Long short-term memory (LSTM) was proposed by Hochreiter and Schmidhuber (1997). LSTM is a recurrent neural network architecture that was designed to overcome the vanishing gradient problem found in conventional recurrent neural networks (RNNs) (Biehl 2005). Errors between layers tend to vanish or blow up, which causes oscillating weights or unacceptably long convergence times. The initial LSTM structure solves this problem by introducing the constant error carousel (CEC). In this way, the architecture ensures constant error flow between the self-connected units (Hochreiter and Schmidhuber 1997).

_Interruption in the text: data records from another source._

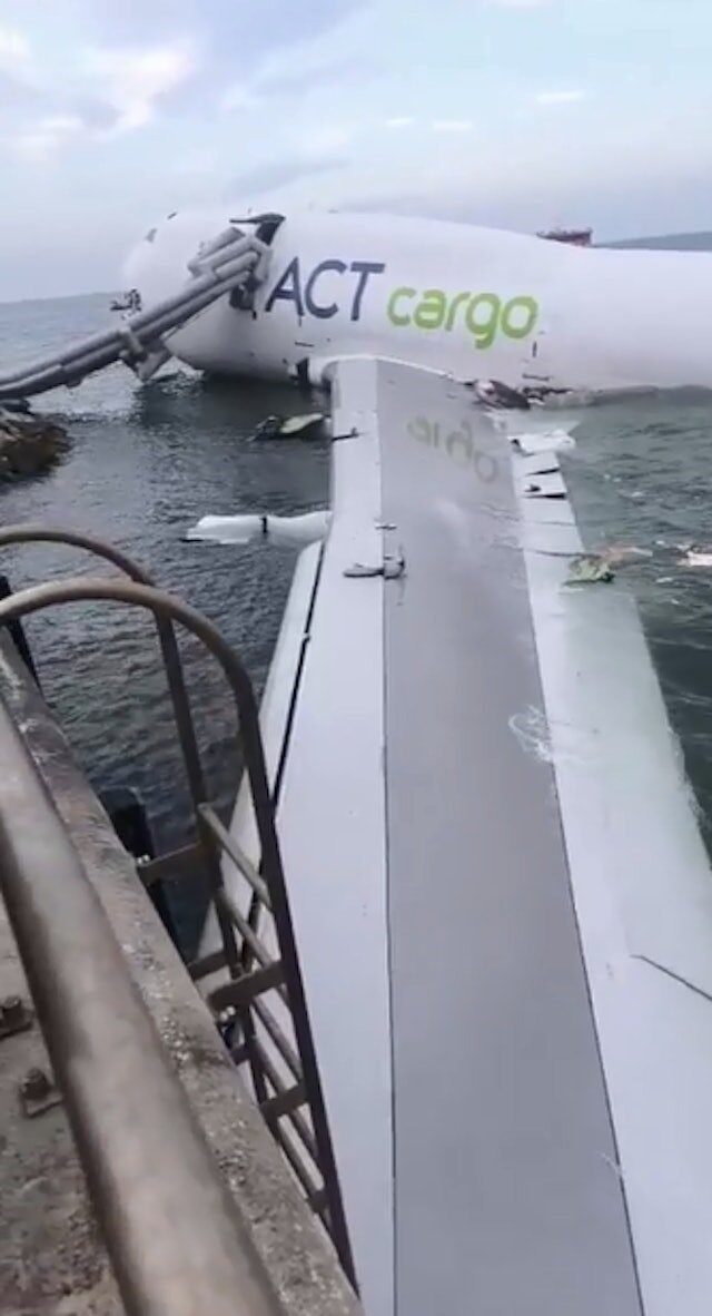 HONG KONG’A İNİŞİ SIRASINDA PİSTTEN ÇIKAN KARGO UÇAĞI DENİZE SÜRÜKLENDİ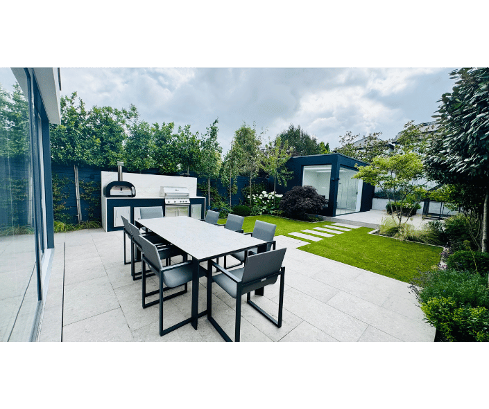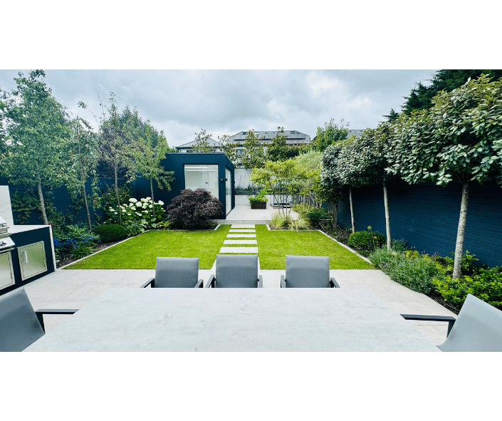 The brief was complex based on the space to work with. The client is very hands on and requested a garden room to relax in, storage, glass house and grow your own space, an outdoor cooking station, sun terrace and dining space with a select palette of planting and screening trees.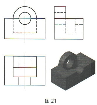 解 析:结合主、俯视图可知,该组合体由几块基本体切割而成,如图21所示。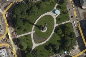 Enter St. Andrew Sq., Edinburgh in Google Earth and when YOU scan in YOU explain why at a cost of £2.8Million the square was defiled with the Satanic Symbolism of The All Seeing Eye which is undeniably the design.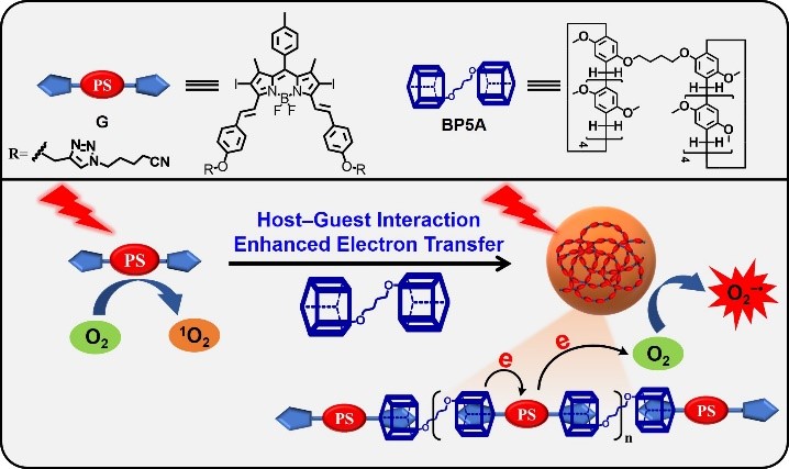基于上述背景,本文提出了通过主客体作用增强电子转移的超分子策略,有效地将传统的II型光敏剂转变为I型光敏剂。以传统的可通过II型PDT机制生成单线态氧的碘代BODIPY(G)衍生物作为客体分子,富电子的双柱[5]芳烃(BP5A)作为大环主体和电子给体,制备了超分子聚合物光敏剂(HG)。主客体相互作用拉近了BODIPY与柱芳烃的距离,从而增强了柱芳烃到BODIPY的电子转移,进一步和分子氧作用通过I型机制生成O2−• (图1),即使在乏氧条件下,也可以有效杀灭肿瘤细胞。利用主客体作用成功地将II型光敏剂转换为I型光敏剂,实现了对I型机制和II型机制的有效调控。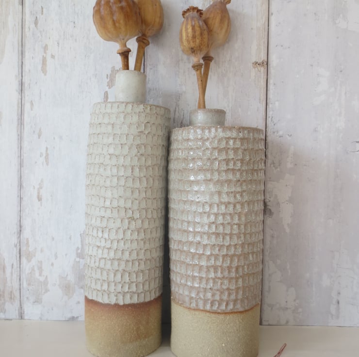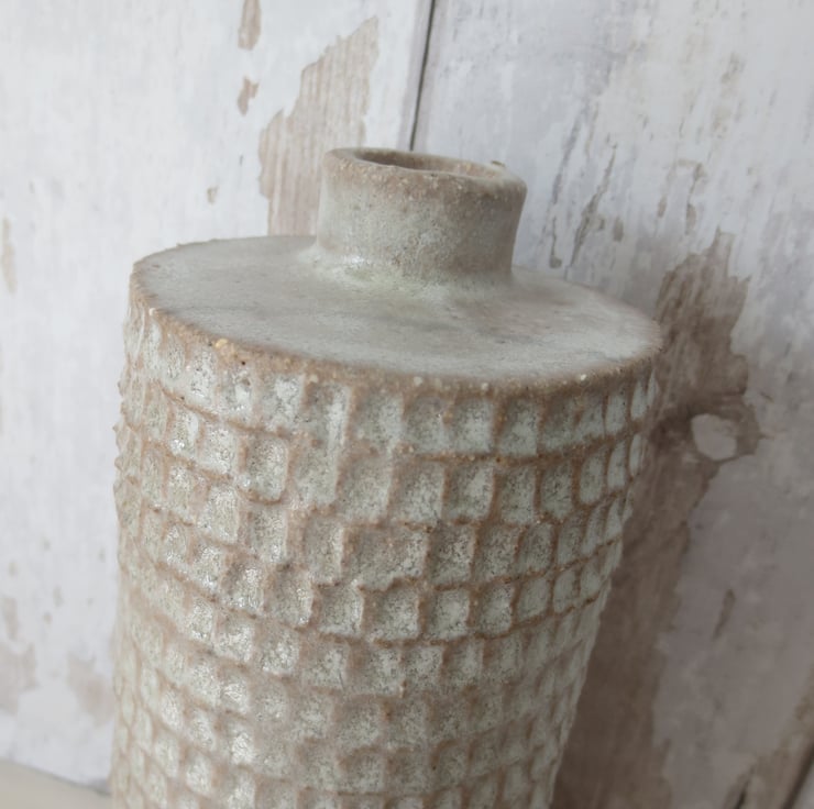 Cylindrical bottle vase hand built from textured, buff coloured crank clay that has been carved for added texture and interest. Fired to stoneware temperature (1280C) with a satin white glaze. Would suit dried flowers, but will hold water.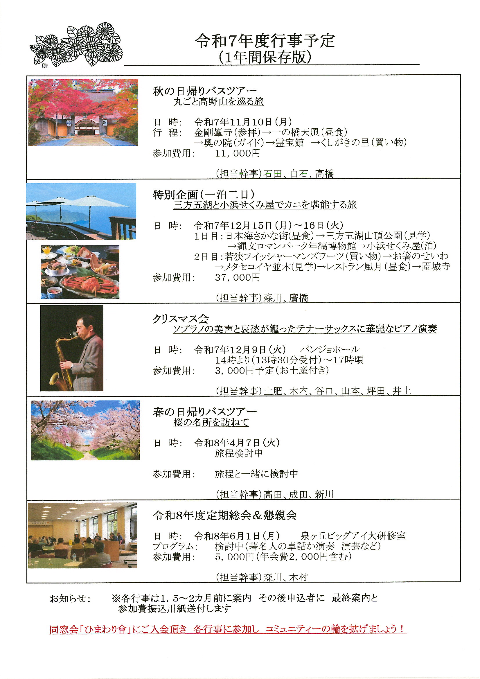 いづみ健老大学同窓会「ひまわり会」は、本年度創立41周年を迎えました。現在会員は150名です。まだ未加入の皆さま、是非とも同窓会「ひまわり会」へのご入会をお待ちしています。バスツアー、クリスマスコンサートや懇親会など盛りだくさんの行事に、沢山の会員の方々が参加し、楽しんでいます。紅葉の比叡山を堪能し、雄山荘では全国旅行支援を受け、豪華な「近江牛せいろ蒸し会席」を頂き、水庭にたたずむ佐川美術館では、常設の平山郁夫、佐藤忠良(彫刻)、吉左衛門・樂直入(陶芸)い加え、特別展の水木しげる妖怪展を楽しんできました。12月5日には関西や泉北で活躍中のアーチストによる、クリスマスコンサートをパンジョホールで行いました。出演者はソプラノ歌手・ピアノ演奏・ジャズ・男声カルテットと多彩なプログラムでした。来年は桜満開シーズンにはバスツアーを予定しています。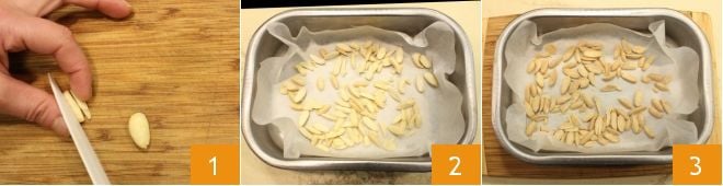 Pour réaliser le clafoutis aux prunes, commencez par couper les amandes émondées en éclats 1, placez-les sur une plaque recouverte de papier sulfurisé 2 et mettez-les à griller dans un four préchauffé à 180°C pendant environ 5 minutes (ou dans un four ventilé pendant quelques minutes) ou jusqu'à ce qu'elles soient légèrement dorées 3.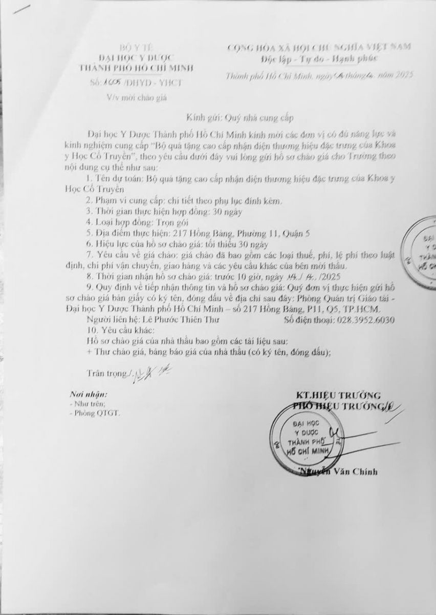 Thời gian nhận hồ sơ chào giá: từ ngày ra thông báo đến trước 10 giờ, ngày 14/4/2025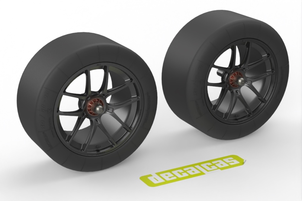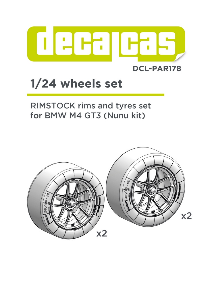 1/24 scale rims and tires set for the Nunu BMW M4 GT3 kit. At Decalcas, they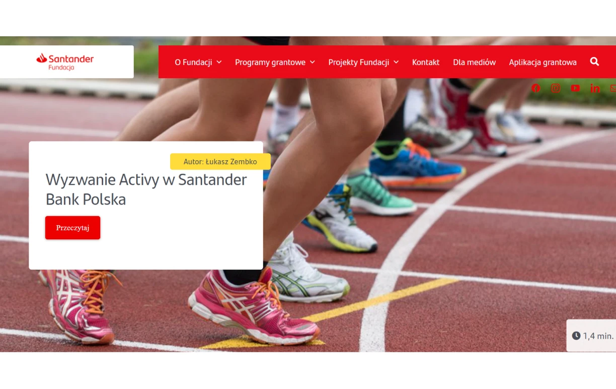 Santander Bank Polska colabora con Activy desde 2019, implicando a sus empleados en retos deportivos vinculados a un objetivo solidario. Es un proyecto único que ha pasado a formar parte de la cultura de la empresa. A lo largo de los años ha evolucionado y actualmente funciona bajo el nombre de Santander Ayuda.
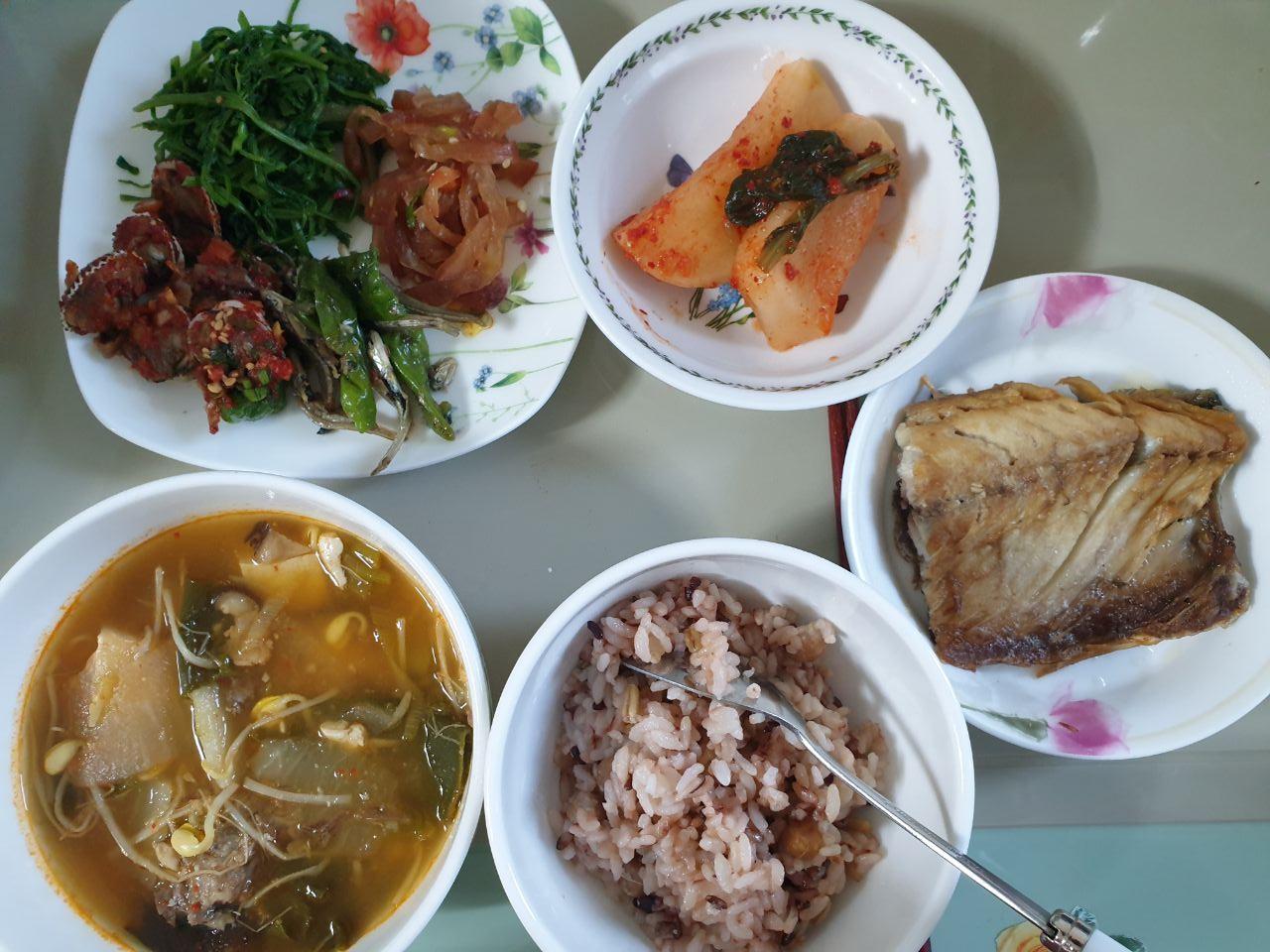 또 꼬막무침과 미나리 나물, 고등어 구이, 조기 구이, 꾀리고추 멸치볶음, 미역줄기 볶음, 마늘 장아찌, 짠무채 양념무침, 무나물, 콩나물, 도자리 오이무침 등 다양한 반찬이 있어 언제 가도 평소에 먹고 싶었던 반찬을 듬뿍 사올 수 있어 너무 만족스럽다. 맛도 질리지 않는 집반찬 맛이다. 미리 플라스틱 반찬그릇에 담아놓은 것도 있지만 원하는 대로 새로 담아주기도 한다. 특히 싱싱한 김치, 막 버무린 겉절이, 깍뚜기, 총각김치, 나박김치, 동치미 등 김치 종류도 다양하다. 국과 찌개 종류도 여러가지 준비돼있다. 오늘은 선지해장국, 미역국, 아욱된장국, 청국장, 너무 종류가 다양해서 기억도 다 나지 않을 정도다.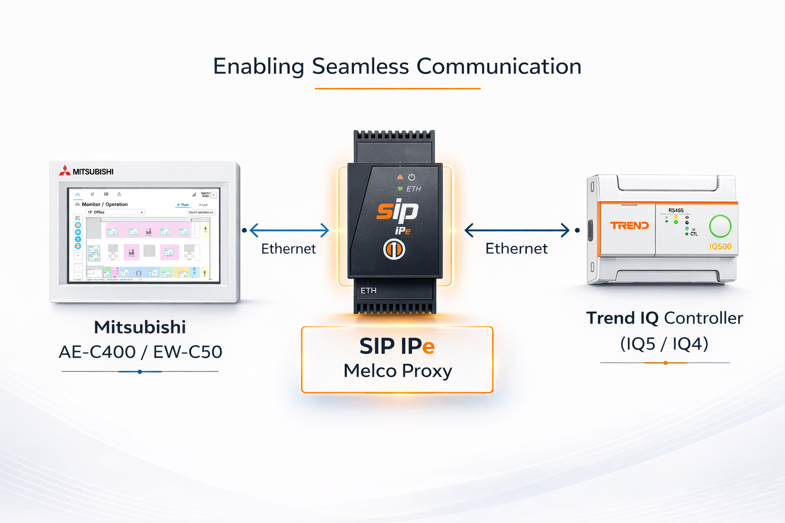 Trend IQ controllers and Mitsubishi AE-C400/EW-C50 controllers, removing the compatibility barrier and allowing your project to proceed smoothly.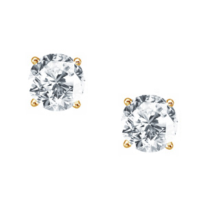 Elegant Round Cut Stud 14K Yellow Gold Earrings with White Diamonds
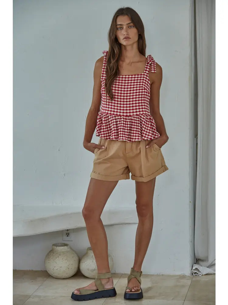 Woven Polyester Gingham Print Sleeveless Tie Shoulder Straps Square Neck Peplum Top with Rayon Lining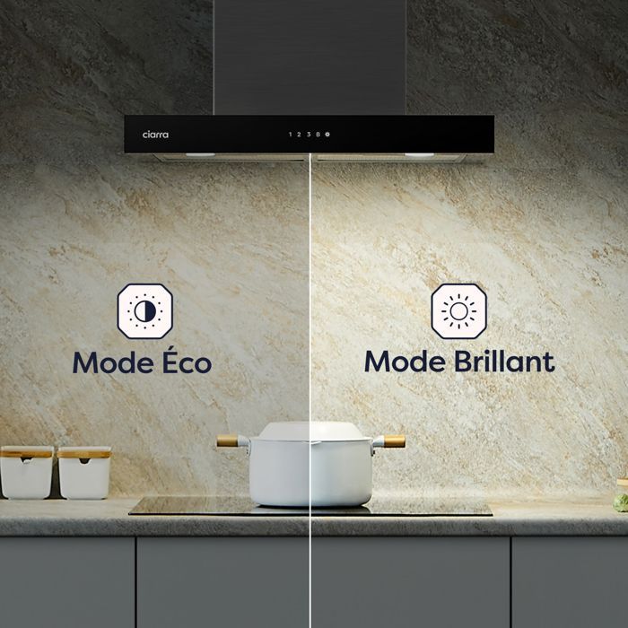 CIARRA CBCS6102, hotte aspirante de 60 cm de largeur, avec panneau des commandes tactiles sensitives, qui vous permet d’accéder facilement au panneau LED pour sélectionner des vitesses. Elle fonctionne à très faible bruit même à la vitesse la plus rapide, afin que vous puissiez profiter d’une expérience de cuisson silencieuse.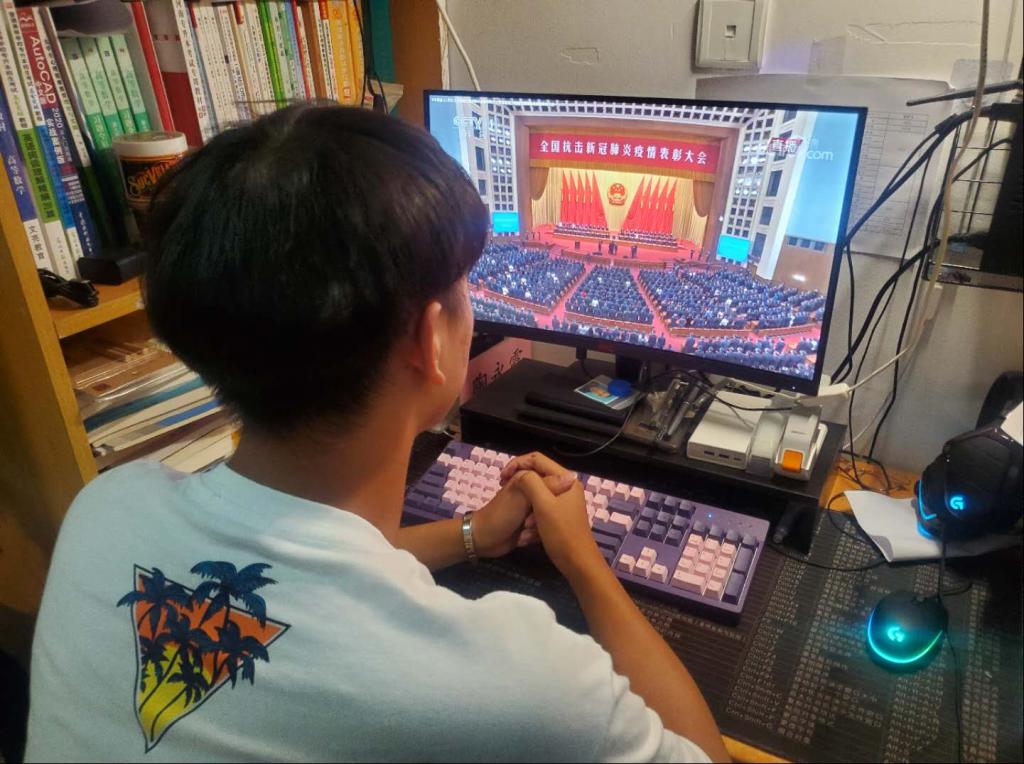 城市水利1901班谭轲仁说,在这次全国疫情表彰大会中,每一位获奖者和习近平总书记的发言,都再次展示了在疫情面前全国人民众志成城、团结奋战、共克时艰的生动画面,都把我的思绪带入那不平凡的8个月。武汉告急,全国的医疗力量向武汉挺进,全国人民在党中央的号召下戴口罩、少出门、不聚会,共同抗击疫情。每一个医务工作者和病人都是战士,每个人都度过一生中极其不平凡的一段岁月。在这次表彰大会中,党中央向全国人民发出了再启程的号召,让我们看到中国共产党不放弃、不退缩、不止步的坚强领导力,令人振奋!全国人民必将在党中央的坚强领导下齐力同心锐意进取,在全面建成小康社会、社会主义现代化国家的新征程上创造新的历史辉煌!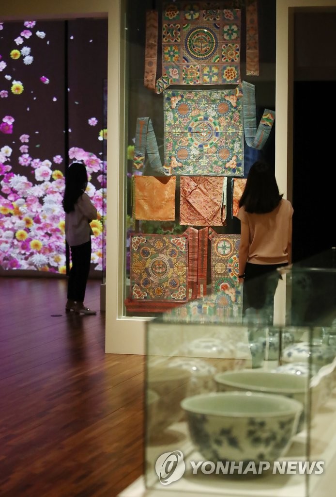 전시실 일부에서는 창덕궁 낙선재 문살 장식을 벽면에 연출하고 천장에서 나오는 빛 아래에 유물을 배치했다. 혼례복 꽃무늬를 활용한 미디어 아트도 선보였다.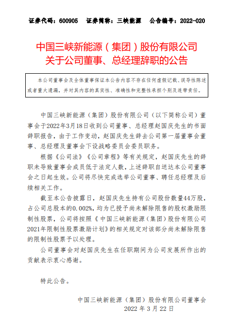 3月21日,三峽能源發(fā)布公告稱,公司董事會(huì)于3月18日收到公司董事、總經(jīng)理趙國(guó)慶的書(shū)面辭職報(bào)告,由于工作變動(dòng),趙國(guó)慶先生辭去公司第一屆董事會(huì)董事、總經(jīng)理及董事會(huì)下設(shè)戰(zhàn)略委員會(huì)委員職務(wù)。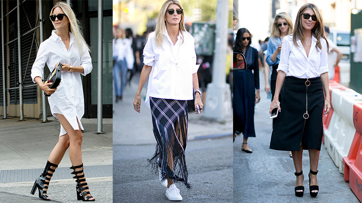最後怎麼能忘了白襯衫,這件最基本款卻也是最經典、最容易搭配的時尚恩物,每個女孩的衣櫥裡都應該準備很多件,無論是寬鬆長版可以當作洋裝穿著,或是寬版襯衫表現街頭混搭的穿搭概念,或者像前美國版美麗佳人時尚總監Nina Garcia(右),以合身白襯衫穿出優雅品味,都是炎夏裡的穿搭必備品項。

The memory cell of the initial LSTM structure consists of an input gate and an output gate. While the input gate decides which information should be kept or updated in the memory cell, the output gate controls which information should be output. This standard LSTM was extended with the introduction of a new feature called the forget gate (Gers et al. 2000). The forget gate is responsible for resetting a memory state that contains outdated information. Furthermore, peephole connections and full back-propagation through time (BPTT) training are final features that were added to the LSTM architecture (Gers and Schmidhuber 2000; Greff et al. 2017). With these modifications, the architecture was renamed Vanilla LSTM (Greff et al. 2017), as shown in Fig. 1.

Fig. 1
figure 1

Vanilla LSTM (Greff et al. 2017)

LSTM offers an effective and scalable model for learning problems that includes sequential data (Greff et al. 2017). It has been used in many different fields, including handwriting recognition (Graves et al. 2009; Pham et al. 2014) and generation (Graves 2013), language modeling (Zaremba et al. 2014) and translation (Luong et al. 2015), acoustic modeling of speech (Zia and Zahid 2019), speech synthesis (Fan et al. 2014), protein secondary structure prediction (Sønderby and Winther 2014), audio analysis (Marchi et al. 2014), and video data analysis (Donahue et al. 2017; Greff et al. 2017).

Forward pass

One of the two main operations of LSTM, shown in Fig. 1, is called the forward pass. In the forward pass, the calculation moves forward by updating the weights (Greff et al. 2017). The weights of LSTM can be categorized as follows:

  • Input weights: \(W_z, W_i, W_f, W_o \, \in \, \mathbb {R^{N*M}}\)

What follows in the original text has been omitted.